Дядю Тимофея, торгаша, преуспеяние кооператива бесило. Однажды он явился на собрание кооперативного кружка и, поутюжив седую бороду, заговорил слезливым, покорным голосом:
— Вот что, граждане товарищи. Мы свое мнение о вас изменили. Вы очень даже сполитичные, хорошие люди и торговлю ведете складно. Милости просим, когда чайку ко мне, с медком. А главный постанов вот в чем: примите меня, ребята, в пайщики. Я и денег дам, и работать будем за милую душу воедино. Я — человек, ребята, хороший, справедливый. Попов не люблю, в церковь не хожу.
Молодежь в ответ злобно засмеялась.
— Как хотите, как хотите. Я не неволю, — покорно сказал торгаш, потом грохнул шапку об ладонь, крикнул: — Эх вы, подлецы, подлецы! Разорители! — плюнул и ушел.
А на другой день он лавку закрыл, гнилую картошку с капустой, червивые селедки и трехгодичные баранки с остервенением расшвырял по улице, ящики, банки растоптал, вывеску сжег и сам вдребезги напился. Он бегал в одной рубахе через вьюгу по улице, до хрипоты орал:
— Отцы, деды, матери! Держите девок за косы, не пускайте в коммунию. Там одно жулье!.. Валенки у меня с живой ноги подменили на опорки. Кара-у-у-л!
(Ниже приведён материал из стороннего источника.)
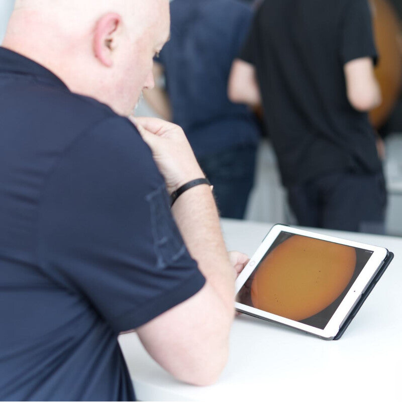 Photographiez le soleil avec la Vespera. La fonction « pointage solaire » vous permet d'observer le soleil quasiment en temps réel sur l'écran en direct. Vous pouvez prendre des photos à tout moment via l'appli Singularity. Prenez plusieurs photos à différents moments de la journée, de la semaine ou du mois et comparez vos photos. Observez comment l'activité du soleil évolue avec l'apparition ou la disparition de taches solaires. Ces taches solaires peuvent avoir une durée de vie de plusieurs jours, plus rarement de plusieurs semaines.
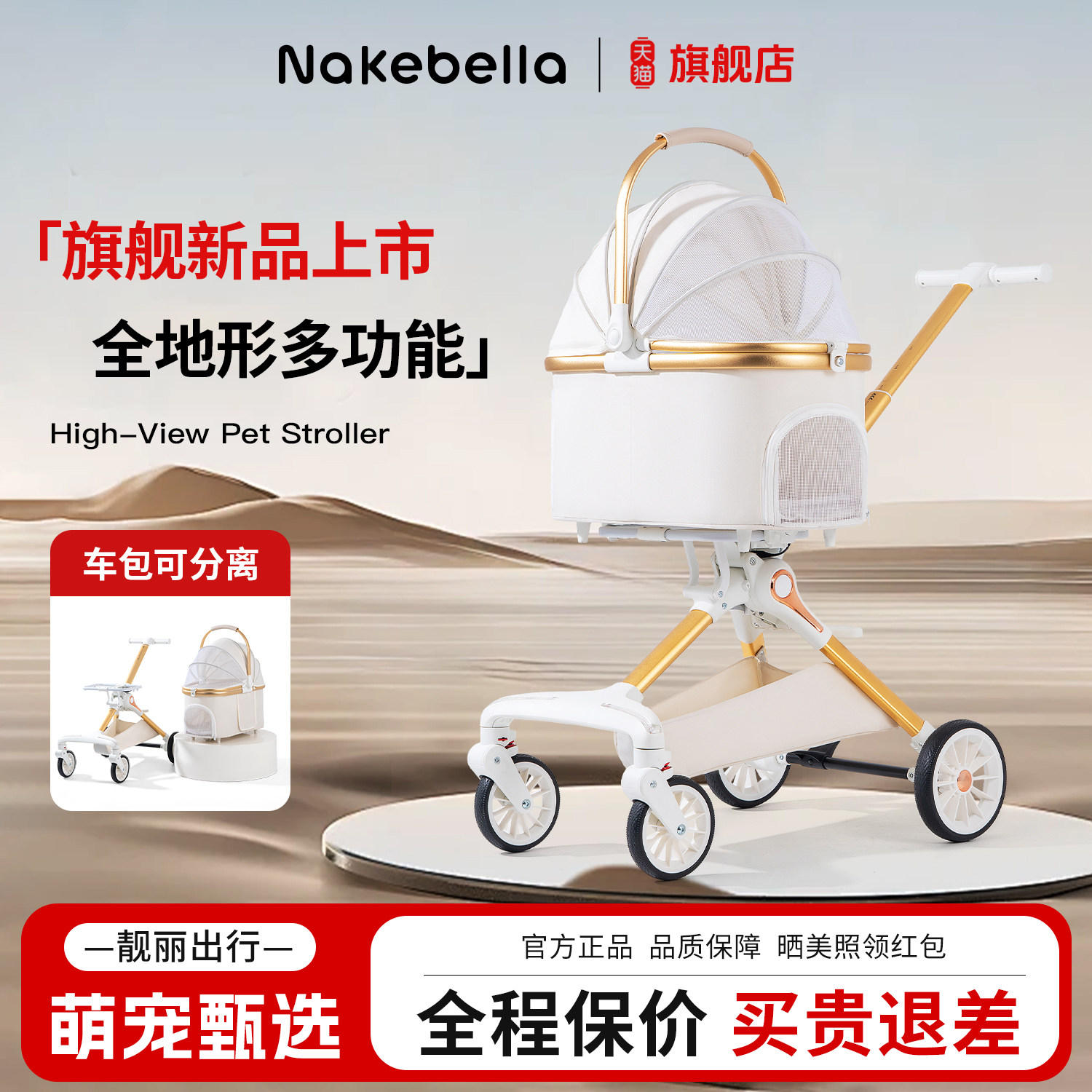 Nakebella宠物推车狗狗外出轻便可折叠分离遛狗车猫包手推狗拉车
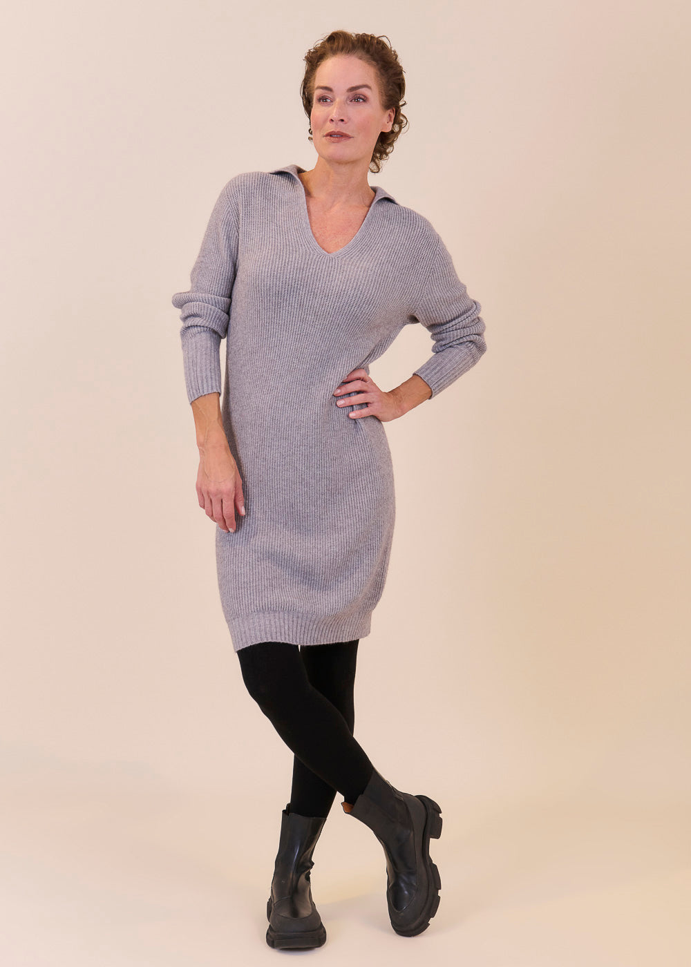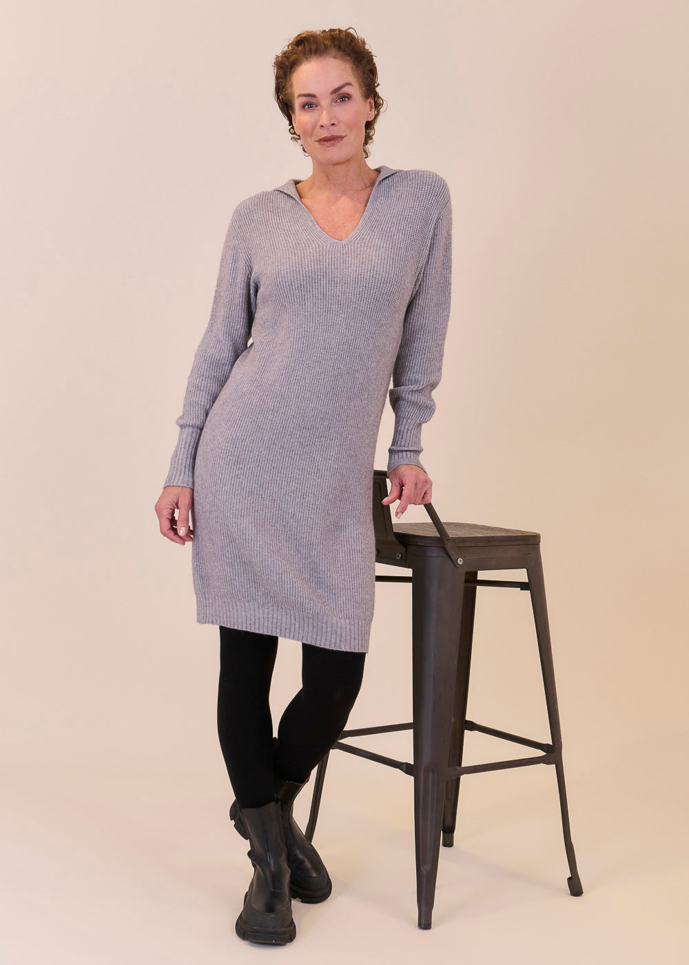 Figurbetontes Strickleid aus unserem Kuschelgarn. Es hat lang geschnittene Arme und ein Rippenbündchen an den Saum, sowie an den Ärmeln. Der V-Ausschnitt schmeichelt deinem Dekolletee und verleiht diesem besonderen Strickteil das gewisse Etwas. Einfach zum Wohlfühlen!
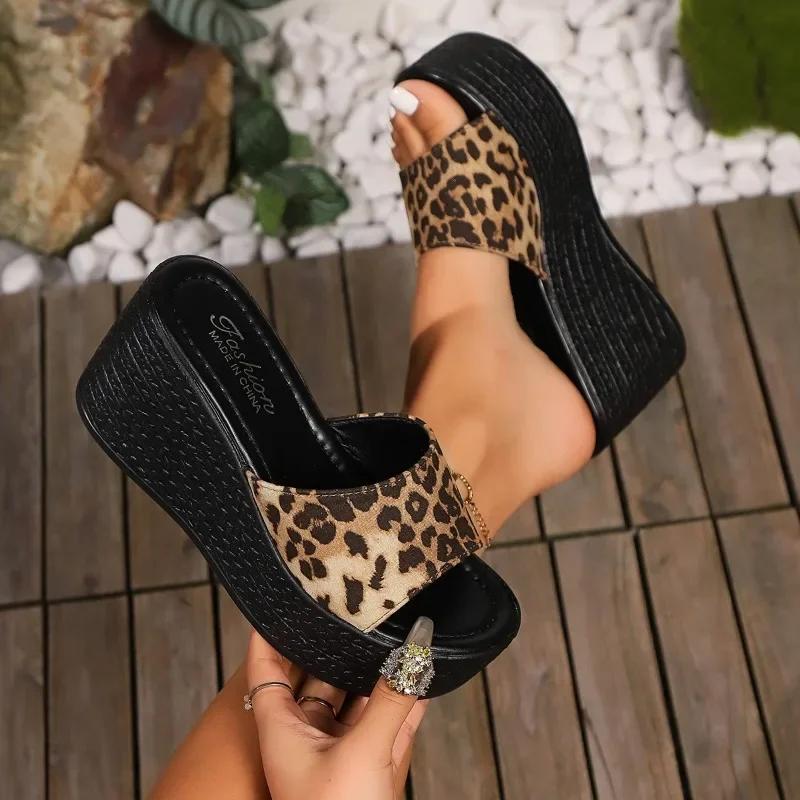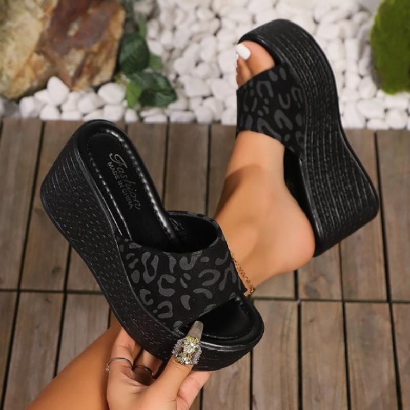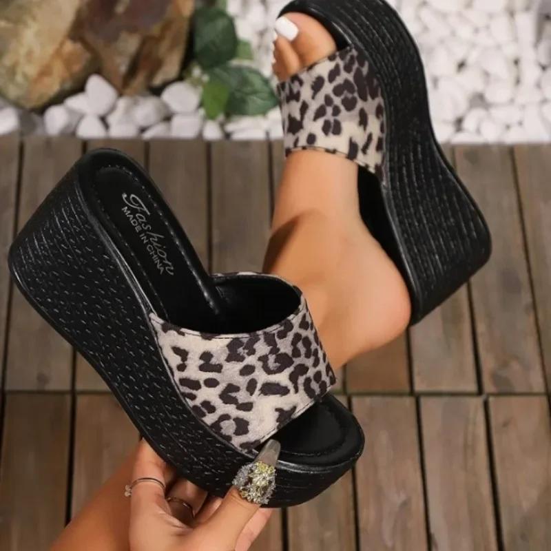 Женская обувь 2024 года, высококачественные летние женские тапочки, разноцветные, с леопардовым принтом, с открытым носком, на платформе, водонепроницаемые уличные тапочки

Он бесился до тех пор, пока Григорий Дизинтёр не изловил его и не надавал по шее. Связанный, дядя Тимофей безутешно плакал:
— Гришенька, Гриша!.. Царство мое кончается.
Ребята не уставали работать и в кружках. Учеба шла строго заведенным порядком. Выделилась группа в тридцать человек, стремившихся к серьезному самообразованию. Амелька, конечно, был в их числе. Краев с женой, механик и предложивший свои услуги учитель из станичной школы стали заниматься с молодежью вплотную. Ребятам сообщались элементарные сведения из области истории, географии и естественных наук. В конце лекций всегда «вопросы» и «ответы». Ребята в записочках спрашивали: «Почему планеты носятся в пространстве и никуда не падают?», «Имеет ли вес огонь?», «Какая разница между совестью и нравственностью?», «Где конец мира, а если нет конца, то почему?», «Откуда вызнано, что человек от обезьяны? Дарвин в старых книжках вычитал или дошел своим умом?», «Ежели Дарвин не заврался, то может ли человек через много тысяч лет превратиться в ангела?», «Какой максимум женитьбы согласно биологии?»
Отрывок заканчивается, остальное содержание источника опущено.